Die Interpretation der ersten Mietspiegel-Zahlen fällt unterschiedlich aus. Die Grünen sehen die Schuld bei der großen Unions-SPD-Koalition auf Bundesebene. Die Zahlen über steigende Mieten seien ein „erschreckendes Alarmsignal“, sagte die wohnungspolitische Sprecherin Katrin Schmidberger: „SPD und CDU haben noch bis zur Bundestagswahl Zeit, endlich die Lücken im bundesweiten Mietrecht – bei der Mietpreisbremse, beim Mietspiegel und bei Modernisierungen, die Spekulation befördern – zu schließen.“

Ganz anders bewertet der CDU-Bundestagsabgeordnete Jan-Marco Luczak die Zahlen. Dieser Anstieg der Mieten zeige erneut, dass „wir deutlich zu wenig Wohnungen“ in Berlin haben: „Jetzt rächt sich, dass das Thema Neubau vom ehemaligen Stadtentwicklungssenator Michael Müller über lange Jahre verschlafen wurde.“ Dazu passe, dass der rot-rot-grüne Senat etwa auf den Neubau von 5000 Wohnungen auf der Elisabeth-Aue in Pankow verzichtete.

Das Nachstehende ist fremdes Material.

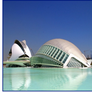
Obra del arquitecto Santiago Calatrava (Valencia)

Auch bei der SPD schrillen nun die Alarmglocken. Schon mit der Unterzeichnung des Koalitionsvertrages herrscht unter Sozialdemokraten der Argwohn, Linke-Senatorin Lompscher nehme die Wohnungsbau-Ziele nicht ernst genug und konzentriere sich zu sehr darauf, die Bedingungen für Berlins Sozialmieter zu verbessern, anstatt den Neubau zu ermöglichen. „Die SPD will den Wohnungsneubau und wird darauf drängen, dass die Zahlen erreicht werden“, sagte die baupolitische Sprecherin, die stellvertretende SPD-Landeschefin Iris Spranger.

Private Bauträger ziehen sich wegen Auflagen zurück

Zuletzt hatten auch der Regierende Bürgermeister Michael Müller und Fraktionschef Raed Saleh (beide SPD) versichert, sie würden darauf achten, dass die 30.000 Neubauwohnungen bis zum Ende der Legislatur auch gebaut würden. Damit meinen sie aber nur die 6000 neuen Einheiten jährlich, die die öffentlichen Wohnungsgesellschaften zum Teil mit Förderung des Landes und subventionierten Mieten errichten sollen. Gleichwohl ist klar, dass auch private Bauträger ihren Beitrag leisten müssen, wenn die Stadt weiter wie bisher wachsen soll.

Aber genau hier hakt es. Der Landesverband der freien Wohnungsunternehmen hat eine „Flucht von Bauträgern nach Brandenburg“ festgestellt. „Die Rahmenbedingungen haben sich verschlechtert“, sagte Vizegeschäftsführer Bernd Strehlow. Er meint damit steigende Grundstückspreise und eine generelle Knappheit möglicher Projekte, aber auch politische Vorgaben. Viele Entwickler scheuten die langen Bebauungsplanverfahren und seien verunsichert wegen der erweiterten Beteiligungsmöglichkeiten für Anlieger und andere Betroffene. Die Bauträger suchten nur noch nach Vorhaben, die sie als Lückenschluss ohne einen Bebauungsplan realisieren könnten, aber von diesen gebe es immer weniger, und die Zahl der dadurch entstehenden Wohnungen sei begrenzt.

Auch die verschärften Auflagen von Rot-Rot-Grün, den Investoren auf einem Drittel der neuen Wohnfläche nur Mieten von 6,50 Euro zu gestatten, verschrecken die Privaten. Auch beim Wohnungsverband BBU, der vor allem die öffentlichen Gesellschaften vertritt, wird eingeräumt, dass die neuen Beteiligungsverfahren die Branche verunsicherten, weil die Gefahr bestehe, dass laufende Projekte umgeplant werden müssten. Gleichwohl wird der Rückgang der Baugenehmigungen aber auch damit erklärt, dass viele Investoren im vergangenen Jahr ihre Vorhaben wegen der anstehenden Mietpreisbremse vorgezogen hätten.